● Problem
Below are some records. Retype exactly the lines from the one containing "Ổ cắm điện đa năng có" through the one containing "The remote controlled", both included, skipping every picture.

● Data records
◇ ◇ ◇ ◇ ◇
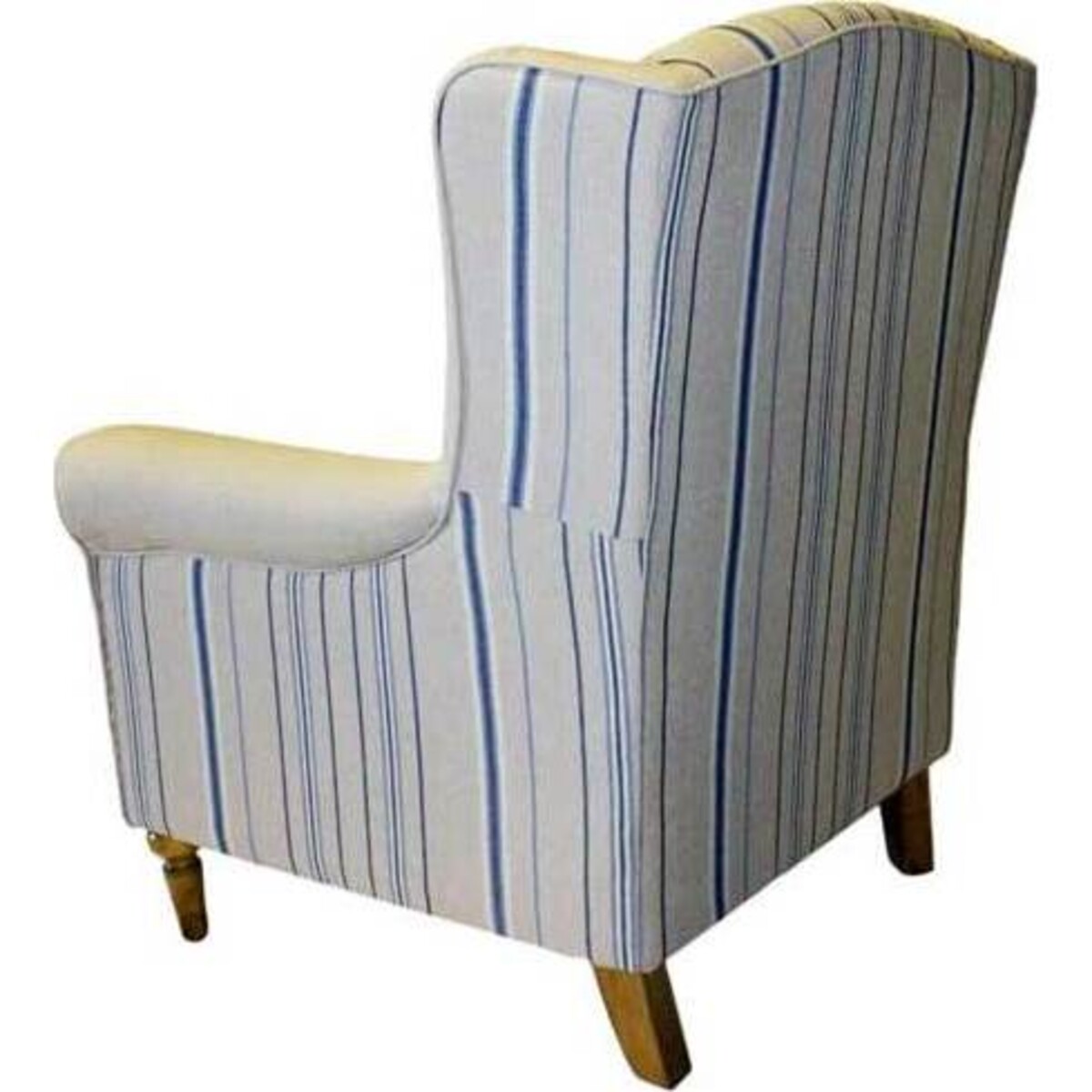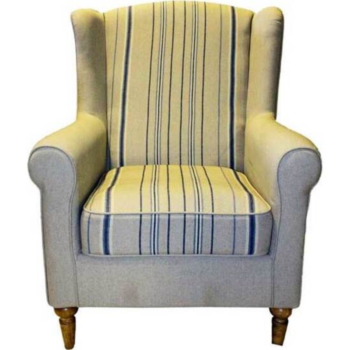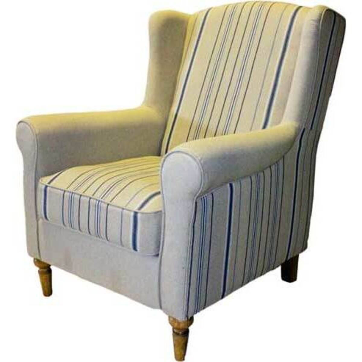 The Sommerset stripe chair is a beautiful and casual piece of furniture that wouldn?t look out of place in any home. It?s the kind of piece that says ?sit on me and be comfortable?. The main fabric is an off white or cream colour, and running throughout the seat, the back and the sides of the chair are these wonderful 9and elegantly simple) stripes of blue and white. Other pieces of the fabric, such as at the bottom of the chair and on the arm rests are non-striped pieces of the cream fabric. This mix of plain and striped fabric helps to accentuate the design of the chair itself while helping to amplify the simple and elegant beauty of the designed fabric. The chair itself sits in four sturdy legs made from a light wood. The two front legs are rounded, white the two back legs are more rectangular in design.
◇ ◇ ◇ ◇ ◇
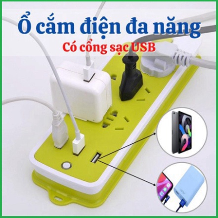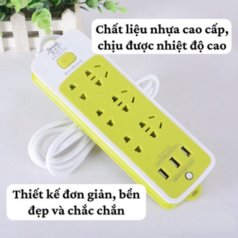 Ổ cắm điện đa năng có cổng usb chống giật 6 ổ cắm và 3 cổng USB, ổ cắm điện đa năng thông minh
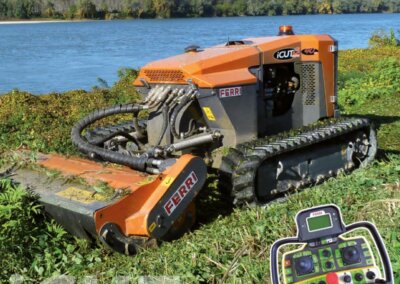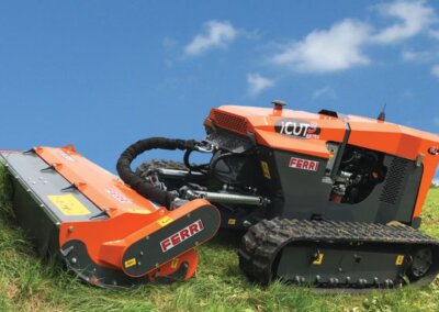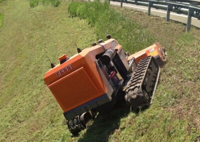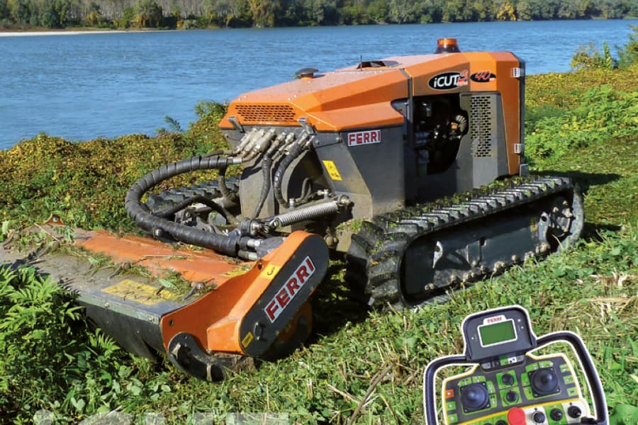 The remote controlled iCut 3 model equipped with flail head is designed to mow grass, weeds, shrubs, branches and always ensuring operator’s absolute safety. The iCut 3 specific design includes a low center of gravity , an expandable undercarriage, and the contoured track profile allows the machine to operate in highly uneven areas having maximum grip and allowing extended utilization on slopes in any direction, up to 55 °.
◇ ◇ ◇ ◇ ◇
● Result of the exercise
 Ổ cắm điện đa năng có cổng usb chống giật 6 ổ cắm và 3 cổng USB, ổ cắm điện đa năng thông minh
 The remote controlled iCut 3 model equipped with flail head is designed to mow grass, weeds, shrubs, branches and always ensuring operator’s absolute safety. The iCut 3 specific design includes a low center of gravity , an expandable undercarriage, and the contoured track profile allows the machine to operate in highly uneven areas having maximum grip and allowing extended utilization on slopes in any direction, up to 55 °.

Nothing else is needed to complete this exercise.